# [SOLVED] What! asking about an underclock..not quiet ;.)



## REMA1 (Feb 3, 2010)

mobo gigabyte GA-790XTA-UD4
CPU AMD Pii Phenom x4 965 be (default clock 3.4)
4gb ram
corsair tx 750 psu
xfx radeon 7870 GPU

win 7 64 bit

Hej having run a mind OC 3600mhz via BIOS 
and moving between windows Power options ...Balanced when not playing games resulting in cpu clocking between 800mhz and 3600 mhz(i.e powering down )
and then High Performance when playing games to force the 3600mhz OC
I now have a situation that the cpu will not power down when idling..stays at 3400mhz which is the default and how it is set in bios with x17 multiplier.

Windows Power options are on the default Balanced settings
and I have turned on and off C1E and Cool & Quiet in the BIOS though I have no amd utility software installed.

AMD overdrive is off in catalyst control centre..
Googled it but found no suitable answer...

Just started yesterday-

ANy suggestions please?

many thanks
´REMA


----------



## greenbrucelee (Apr 24, 2007)

*Re: What! asking about an underclock..not quiet ;.)*

when you mess with the windows power options it messes with anything you have set in the BIOS and ay some point it will reset it back to normal.

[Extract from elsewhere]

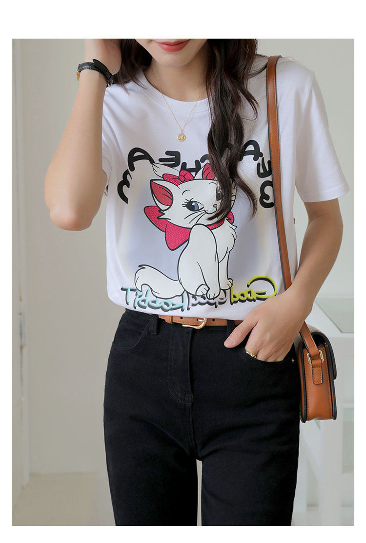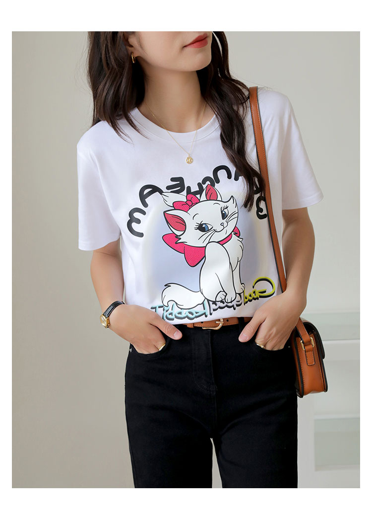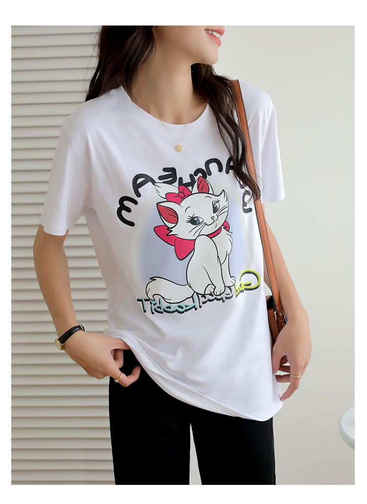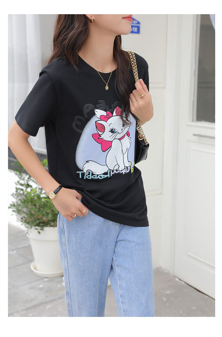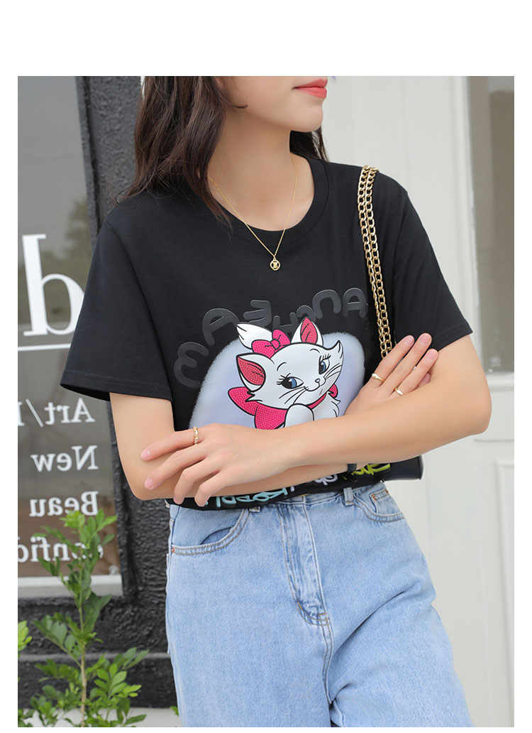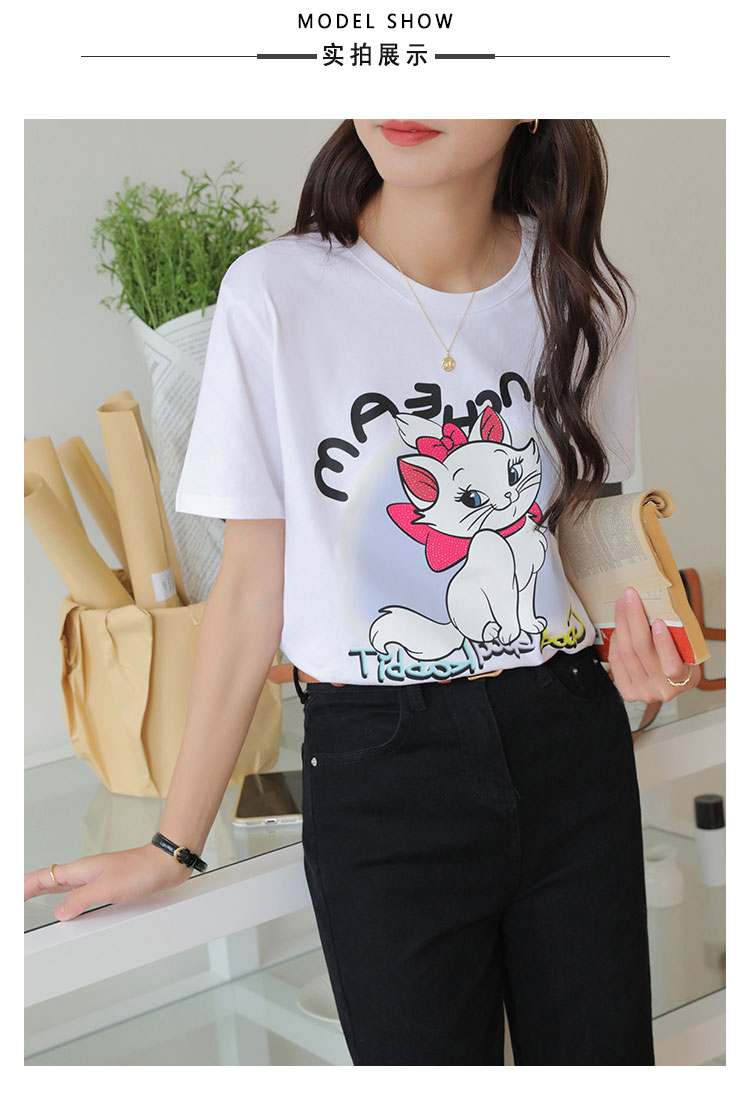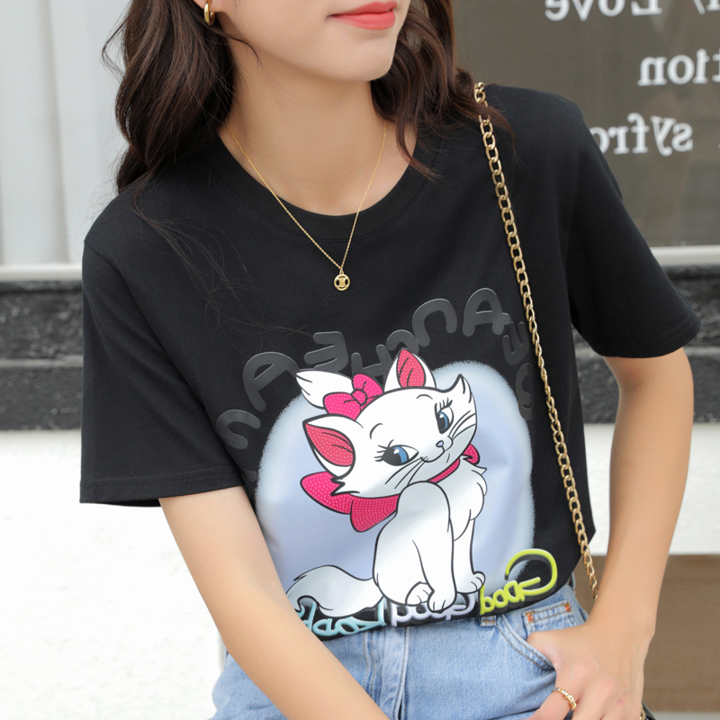 PF1444#夏新款潮牌设计感宽松短袖t恤女烫钻猫咪休闲上衣半袖打底衫

You should have windows set on balanced but have it so the computer will not go to sleep or atleast the hard drive.

You should have c1e disabled but keep cool n quiet on that way the cpu will downclock to its default or lower when its not doing much then it will overclock when it is doing something intensive.

leave the windows stuff alone.


----------



## REMA1 (Feb 3, 2010)

*Re: What! asking about an underclock..not quiet ;.)*

Hello finally got it working again after struggling all day...I reinstalled coretemp and installed cpu-z (for confirmation of coretemp readings )
I think coretemp even though I declined, installed a load of pup's but I seem to have got rid with Norton, spywareblaster and Malwarebytes...

Don't know why it was ok again....sure that I didn't have any pup's when it started as I regularily run the 3 staed programmes.

I was told that by setting the windows power option to high performance , that it would avoid my cpu jumping from 800mhz to 3400/3600 mhz(as it does in balanced mode) when playing intensive games, and thus be more stable.


----------



## greenbrucelee (Apr 24, 2007)

Whoever told you that was talking from somewhere they shouldn't be talking from.

When overclocking you always do it in the BIOS and if its not stable you change things in the BIOS. The windows power options have nothing to do with it apart from they can screw it up if you keep messing with them.

The cpu is supposed to jump from 800MHz to 3400 or 3600MHz this is not some problem it is supposed to do that unless you disable that procedure in the BIOS.


----------